Mammoth Biosciences secures award to develop CRISPR-based diagnostics and biosurveillance platforms. The new funding, which comes with a subcontract with MRIGlobal, will allow Mammoth to develop its robust DETECTR™ platform for CRISPR-based detection of emerging biological threats.

Vision and opinion

CRISPR patent war between the Broad Institute and the University of California Berkely gets 7^th place in the "Top Patent Law Stories of 2020" from Patent Docs blog, JD Supra.

COVID-19

New research published in Cell reports the use of genome-wide CRISPR screens identify host viral entry factors and host pathways required for infection by SARS-CoV-2 and common cold coronaviruses.

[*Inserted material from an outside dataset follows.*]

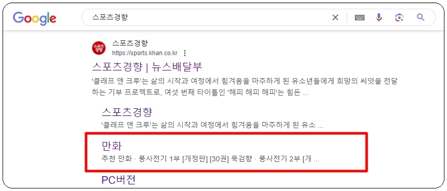 가장 먼저 사이트에 접속해야 하는데요. 스포츠 경향 공식 홈페이지에 접속해 주세요. 구글에서 검색을 하게 되는 경우 [만화 메뉴]를 바로 선택할 수 있습니다.

Meetings, webinars and podcasts

In the latest Milken Institute podcast, Nobel Laureate Jennifer Doudna chatted with host Mike Milken about how fundamental research in academia led to a quick COVID-19 vaccine, and more. Listen to the podcast here, and read the podcast transcript here.

Safety

Recent article published in Methods Molecular Biology presents detailed protocols for evaluating the specificity of CRISPR-Cas9 and related gene-editing approaches in cells using targeted as well as unbiased approaches which are able to identify off-target cleavage events throughout an entire genome.
crisprSQL: a novel database platform for CRISPR/Cas off-target cleavage assays. This new resource from the University of Oxford is an interactive and bioinformatically enhanced collection of CRISPR-Cas9 off-target cleavage studies for cleavage profiling, gene editing safety analysis and transcriptomics. You can find the crisprSQL database here.

Review

Anti-CRISPRs go viral: the infection biology of CRISPR-Cas inhibitors. This review discusses recent developments in the study of anti-CRISPR (Acr) proteins and propose a framework of “phage autonomy” to evaluate CRISPR-immune evasion strategies. Read our related interview about how exploitation of anti-CRISPR proteins might make gene therapy safer.
CRISPR/Cas9 for the treatment of haematological diseases: a journey from bacteria to the bedside. This review focuses primarily on blood diseases, and takes us through the timeline of important events from the discovery of CRISPR in bacteria to the first in vivo CRISPR clinical trial.